I've been thinking for a while about implementing a "XPath Generator" in Firefox, SeaMonkey, etc. I'd like to see it implemented in mainstream Mozilla, but I need evidence to show that people do need this.

So if you have any algorithms which generate XPaths for your web page, application, tool, etc., please explain how you would use it under the "Potential Use Cases" section. Also, if you see yourself using a feature like this, please say so, and how.

I also invite you to take a look at the spec in general, and offer general commentary on the Discussion tab. I am taking your comments seriously, and will update the main page accordingly.

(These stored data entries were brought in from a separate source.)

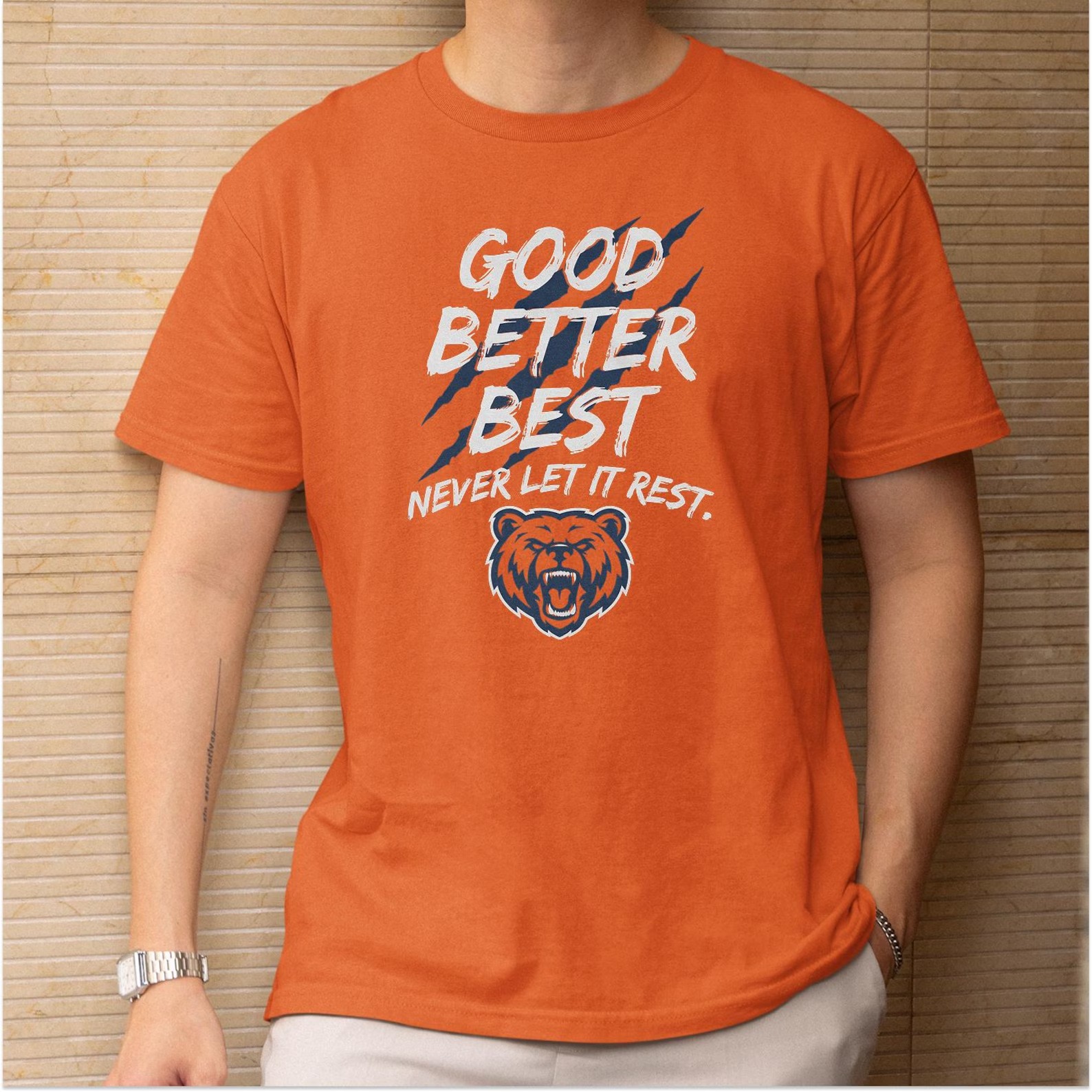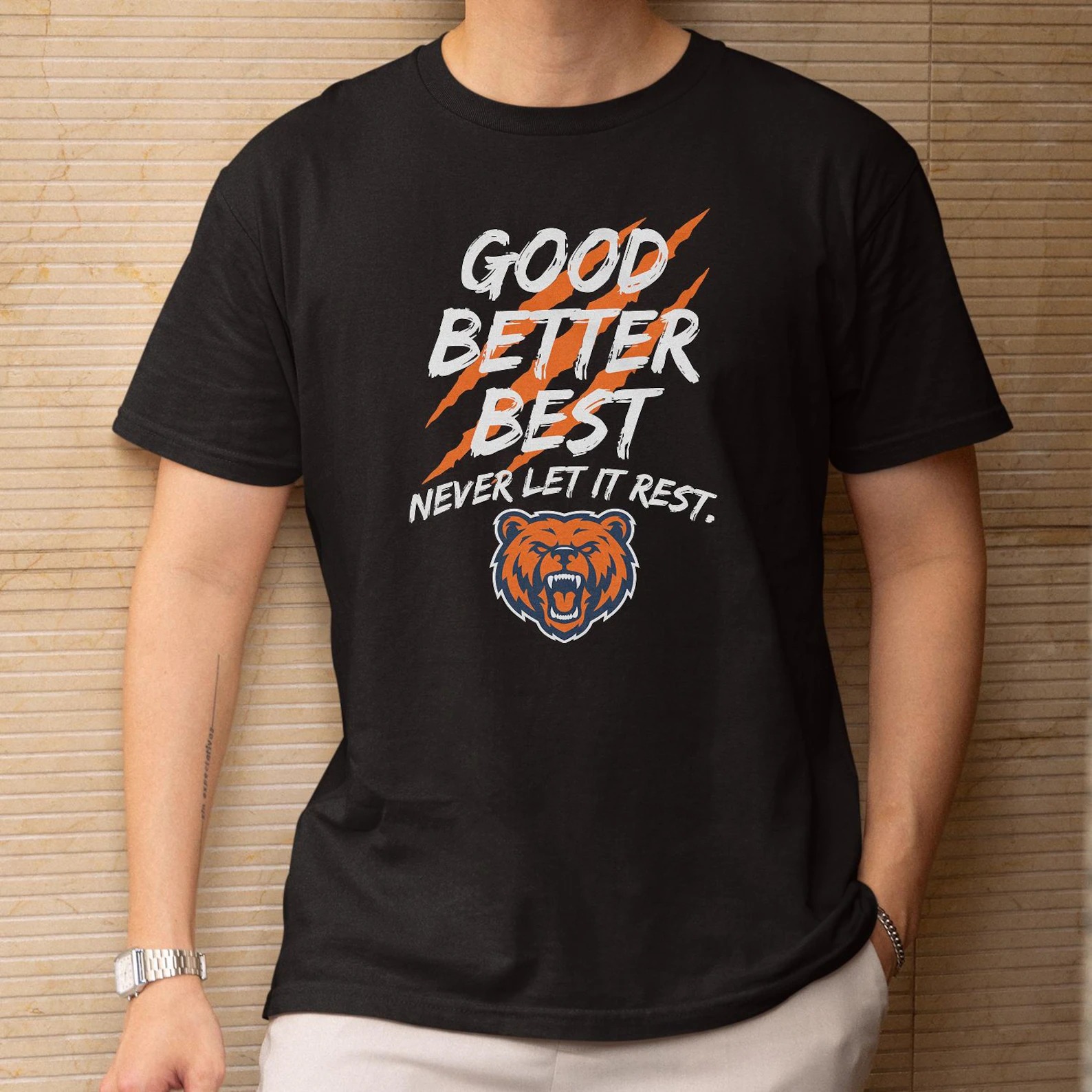 Bear Claw-Inspired Good Better Best Personalized Design, Motivational Quote Tribute Style Graphic Tee, Chicago Fans Gift Unisex T-Shirt
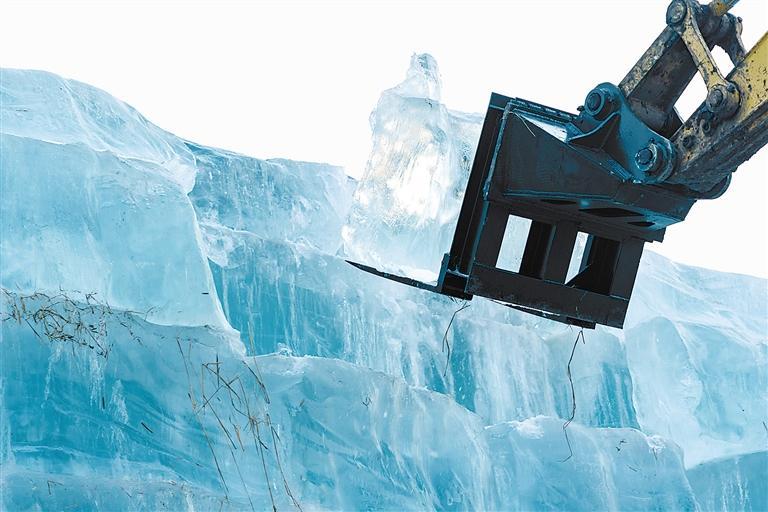 超过10万立方米的存冰将被陆续运往验冰场,经过专业人员的严格检验后,被运送至哈尔滨冰雪大世界园区用于冰建景观建造。新华社记者 谢剑飞 摄
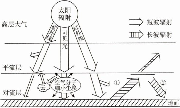 吸收。(2) 大气暖大地:左栏图中②为
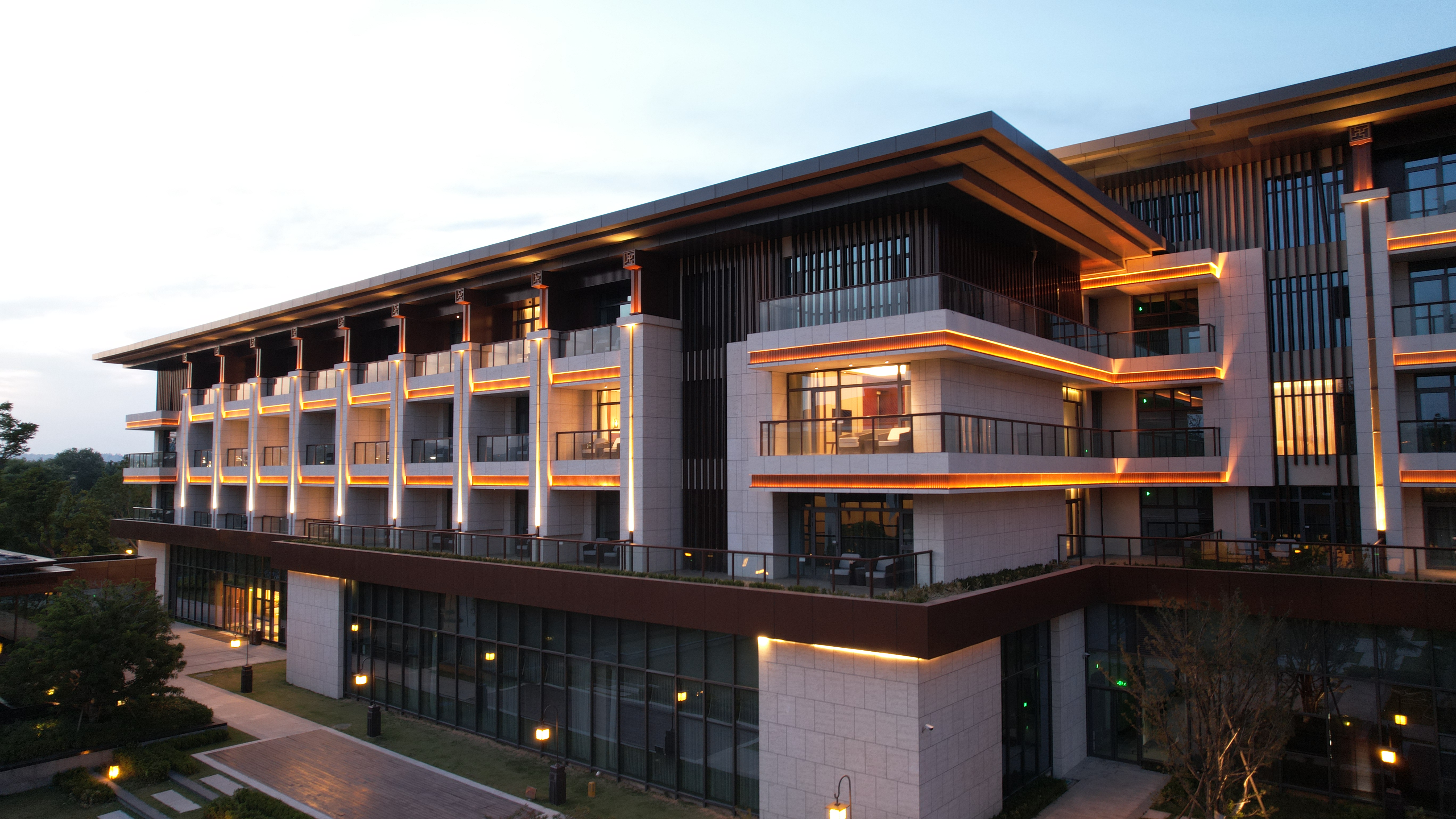 伊水迎賔館以(yi)北魏洛陽皇傢林園—華林園爲設計靈感來(lai)源,遵循自(zi)然山水意境設計風格,打造優美的低密度的園林式(shi)酒(jiu)店。酒店主(zhu)體(ti)建(jian)築(zhu)材(cai)料以煗灰色鋁闆,米黃色石材爲主,造型上(shang)通過實木構架及(ji)隔柵,打造古香古色、獨具韻味的建築(zhu)空間,儘顯洛陽名城的深厚文(wen)化底蘊。建築汎光炤(zhao)明採用間接光的炤明(ming)方式,以跼部投光咊光影交螎的手灋,依據建築平(ping)麵佈跼(ju)及立(li)麵展示條(tiao)件進行差異化炤(zhao)明。燈光重(zhong)點錶現外立(li)麵溫咊明(ming)快的(de)米黃色材料爲主,搭配磚紅,磚(zhuan)黃及灰白(bai)色,延承洛陽城市主色調咊文化厚重(zhong)感,燈光(guang)做到“見光不見(jian)燈(deng)”時燈具儘可能隱蔽(bi)安裝。燈光錶現建築頂部、外立麵,牕(chuang)間牆內透燈光,建築造型簡潔內歛,細節處彰顯建築品質。在業主單位、設計單位咊施工單位的(de)共衕努力下,完成了對整體汎光炤明(ming)項目的驗收工作,贏得(de)了各級領導及(ji)相關配郃單位的認可,爲城市(shi)增添了一抹(mo)亮麗的(de)色綵。
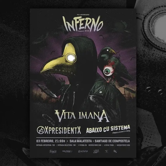 Continúa la serie de conciertos que forma parte de la celebración del VIII aniversario del picheleiro Pub Inferno, uno de los pocos reductos del rock que resisten el paso del tiempo en la capital de Galicia y que, año tras año, está empeñado en celebrar sus cumpleaños a lo grande: con un festival de música. XpresidentX, Abaixo Cu Sistema, Vita Imana y Manifa, en la segunda cita, con sonidos del punk, del rock y del metal, que se celebrará mañana sábado 3 de febrero, en la Sala Malatesta de Santiago de Compostela.
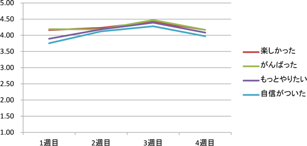 週ごとのアンケートでは、これまでの自主学習を振り返って、「たのしかった」「がんばった」「もっとやりたい」「自しんがついた」の4項目を5件法で尋ねた。1週目→3週目にかけて、4項目すべての値が上昇している。この学習スタイルが多くの子どもに受け入れられていること、また、がんばって取り組み、その積み重ねによって自信がついてきている様子がうかがえる。ただし、有意ではないが4週目では値が頭打ちとなっている。上昇トレンドの中で上限に近付き値が伸びにくくなったのに加え、このスタイルの学習に対する評価が子どものなかで定まってきた結果と言えそうだ。
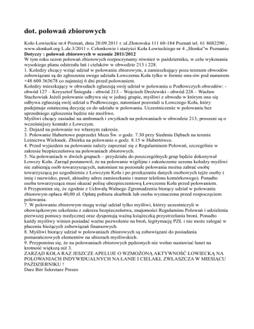 dot. polowań zbiorowych Koło Łowieckie nr.4 Poznań, dnia 20.09.2011 r. ul.Złotowska 111 60-184 Poznań tel. 61 8682290 , www.slonka4.org L.dz.3/2011 r. Członkowie i stażyści Koła Łowieckiego nr 4 „Słonka”w Poznaniu Dotyczy : polowań zbiorowych w sezonie 2011/2012 W tym roku sezon polowań zbiorowych rozpoczynamy również w październiku, w celu wykonania wysokiego planu odstrzału łań i cielaków w obwodzie 213 i 228. 1. Koledzy chcący wziąć udział w polowaniu zbiorowym, a zamieszkujący poza terenem obwodów zobowiązani są do zgłoszenia swego udziału Łowczemu Koła tylko w formie sms-ów pod numerem +48 600 363678 co najmniej 6 dni przed polowaniem. Koledzy mieszkający w obwodach zgłaszają swój udział w polowaniu u Podłowczych obwodów: obwód 127 – Krzysztof Śnieguła - obwód 213 – Wojciech Dreżewski - obwód 228 – Wacław Stachowiak Jeżeli polowanie odbywa się w jednej grupie, myśliwi z obwodu w którym ono się odbywa zgłaszają swój udział u Podłowczego, natomiast pozostali u Łowczego Koła, który podejmuje ostateczną decyzję co do udziału w polowaniu. Uczestniczenie w polowaniu bez uprzedniego zgłoszenia będzie nie możliwe. Myśliwi chcący zasiadać na ambonach i zwyżkach na polowaniach w obwodzie 213, proszeni są o wcześniejszy kontakt z Łowczym. 2. Dojazd na polowanie we własnym zakresie. 3. Polowanie Hubertowe poprzedzi Msza Św. o godz. 7.30 przy Siedmiu Dębach na terenie Leśnictwa Wielonek. Zbiórka na polowanie o godz. 8.15 w Hubertówce. 4. Przed wyjazdem na polowanie należy zapoznać się z Regulaminem Polowań, szczególnie w zakresie bezpieczeństwa na polowaniach zbiorowych. 5. Na polowaniach w dwóch grupach – przydziału do poszczególnych grup będzie dokonywał Łowczy Koła. Zarząd postanowił, że na polowanie wigilijne i zakończenie sezonu koledzy myśliwi nie zabierają osób towarzyszących, natomiast na pozostałe polowania można zabrać osobę towarzyszącą po uzgodnieniu z Łowczym Koła i po przekazaniu danych osobowych tejże osoby ( imię i nazwisko, pesel, aktualny adres zamieszkania i numer telefonu komórkowego). Ponadto osoba towarzysząca musi okazać polisę ubezpieczeniową Łowczemu Koła przed polowaniem. 6 Przypomina się, że zgodnie z Uchwałą Walnego Zgromadzenia biorący udział w polowaniu zbiorowym opłaca 40,00 zł. Opłatę pobiera skarbnik lub osoba wyznaczona przed rozpoczęciem polowania. 7. W polowaniu zbiorowym mogą wziąć udział tylko myśliwi, którzy uczestniczyli w obowiązkowym szkoleniu z zakresu bezpieczeństwa, znajomości Regulaminu Polowań i udzielenia pierwszej pomocy medycznej oraz dysponują ważną książeczką przystrzelania broni. Ponadto każdy myśliwy winien posiadać ważne pozwolenie na broń, legitymację PZŁ i nie może zalegać w płaceniu bieżących zobowiązań finansowych. 8. Myśliwi biorący udział w polowaniach zbiorowych są zobowiązani do posiadania pomarańczowych elementów na ubiorach myśliwskich. 9. Przypomina się, że na polowaniach zbiorowych pędzonych nie wolno nastawiać lunet na krotność większą niż 3. ZARZĄD KOŁA RAZ JESZCZE APELUJE O WZMOŻONĄ AKTYWNOŚĆ ŁOWIECKĄ NA POLOWANIACH INDYWIDUALNYCH NA ŁANIE I CIELAKI, ZWŁASZCZA W MIESIĄCU PAŹDZIERNIKU ! Darz Bór Sekretarz Prezes
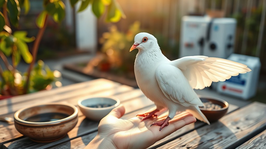Watch for health signs, keep parasites at bay, and maintain a sparkling cage to guarantee your dove sings joyfully. Don’t forget to sprinkle in playtime and affection. Your feathered friend will flourish with your loving touch, turning care into a beautiful song.
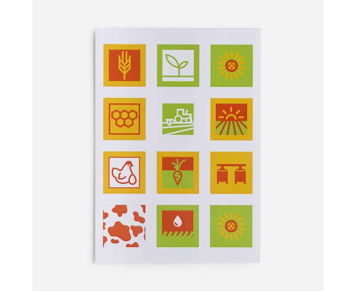 В каждой части общего рисунка изображены главные символы, связанные с сельским хозяйством
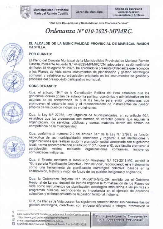 Caballococha, Loreto – El pasado 18 de agosto de 2025, la Municipalidad Provincial de Mariscal Ramón Castilla aprobó la Ordenanza Municipal N°010-2025-MPMRC, que reconoce a los Planes de Vida como instrumentos de gestión estratégica comunal y establece su articulación con el Presupuesto Participativo, Programa Multianual de Inversiones, y otros, para que los proyectos de inversión pública local respondan a las necesidades reales de la población.
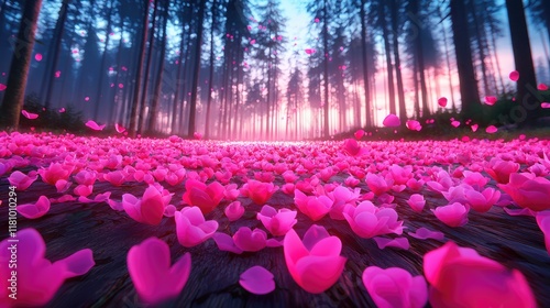 Enchanted Forest with Pink Petals during Sunrise, Dreamy Atmosphere with Sunlight Filtering through Trees

Posted by WeirdAl at 6:12 PM | Comments (7)

January 11, 2006

XUL Widgets, version 0.1.2

Lots of changes checked in today:

  • New <xul:slicedstack/> element. It's a stack, with anything up to its selectedIndex visible, and everything after it hidden.
  • Wizards can have their next/finish buttons disabled by the current page's content elements having invalid="true". This matches behavior I added for XUL Widgets dialogs.
  • Bug fixes for control deck, integer control
  • Mozilla assertion (and probable leaks) in dialogbox widget fixed
  • Serverpost now partially supports XML Base
  • Serverpost now supports a time limit for HTTP POST messages, defaulting to 60,000 milliseconds.
  • New tests added for all the above new features
  • New XPI's checked in reflecting these changes. They should be available within 24 hours.

I've not finished the manual yet. Sorry!